Außerdem soll in diesem Jahr noch die Verwaltung der Rinderunion von Stuttgart-Birkach nach Herbertingen verlegt werden.

Zum Abschluss seines Referates stellte Thomas Bidlingmaier die Besamungsbullen vor die mit den neuen Zuchtwerten auch im Internet zu finden sind.

Für besondere Leistungen erhielten verschiedene Züchter die begehrte RBW –Plakette. Die goldene Plakette für mehr als 9000 kg Herdenleistung erhielt Kurt Blickle, Winterlingen. Eine bronzene Plakette erhielten Richard Haberer, Wittershausen; Marianne Keller, Bösingen und die Fuoß GbR in Isingen.


Ehrung mit der RBW-Plakette für Herdenleistungen über 8.000 kg Milch,
von links: Blickle Kurt, Gebert Karl, Banholzer Hermann, Maier Paul,
Haberer Richard, Volker Lang

Für Kühe mit einer Lebensleistung von 60000 kg Milch erhielten die Züchter, Gerhard Schneider, Dietingen; Martin Weiler, Kirchberg; Michael Ehrmann, Dunningen; Martin Dölker, Sulz; Michael Aulich, Zimmern und die Kewitz GbR, Renfrizhausen eine Plakette der Rinderunion Baden-Württemberg.


Ehrung mit der RBW-Plakette für Kühe mit 60.000 kg Lebensleistung,
von links: Schneider Gerhard, Weiler Martin, Ehrmann Michael,
Dölker Martin, Aulich Michael, Gaiser Tina (Kewitz GbR)

Anschließend beleuchtet RBW – Mitarbeiter, Martin Ganter den Marktort Donaueschingen. Er berichtet von einer Umsatzsteigerung von 12 % im Jahr 2005. Es konnten 66 Bullen und 142 Jungkühe zu sehr guten Preisen abgesetzt werden.

Der Marktort Donaueschingen zeichnet sich aus durch Beständigkeit beim Bullenverkauf, steigender Absatz von Jungkühen und guten Preisen bei den Bullenkälbern.

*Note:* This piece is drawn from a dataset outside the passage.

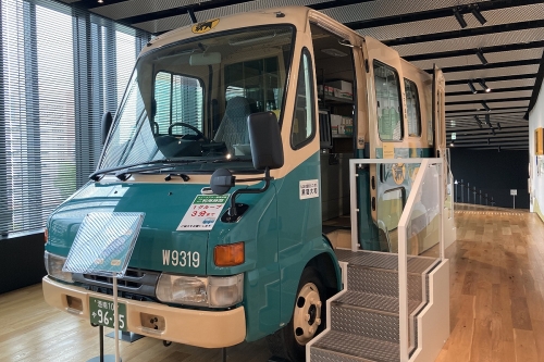 施設は3階で受付後、エレベーターで6階に上がり、スロープを下りながら展示を見て行きます。展示は創業に至った経緯や戦争を経て現在までの歩み、未来に向けての取り組みについて知ることができます。展示には、これまでの制服があり、実際に着て写真撮影したり、実際に使用していた車両に乗り込んで運転席や荷台の様子を見る事ができます。

Nach den Fachreferaten brachten die Vorsitzenden Volker Lang und Paul Maier der Versammlung die Geschäftsberichte zu Gehör. Die Vereinskassierer Hermann Mauch und Georg Söllner trugen die Kassenberichte vor. Mit geordneten Finanzen können die Vereine Zollern - Alb und Rottweil im neuen Geschäftsjahr aktiv werden.

Zum Abschluss der harmonisch verlaufenen Versammlung spricht Kreisobmann, Gerold Teufel den schlechten Milchpreis und die Milchquoten an. Und macht den Viehzüchtern Mut mit Blick in die Zukunft.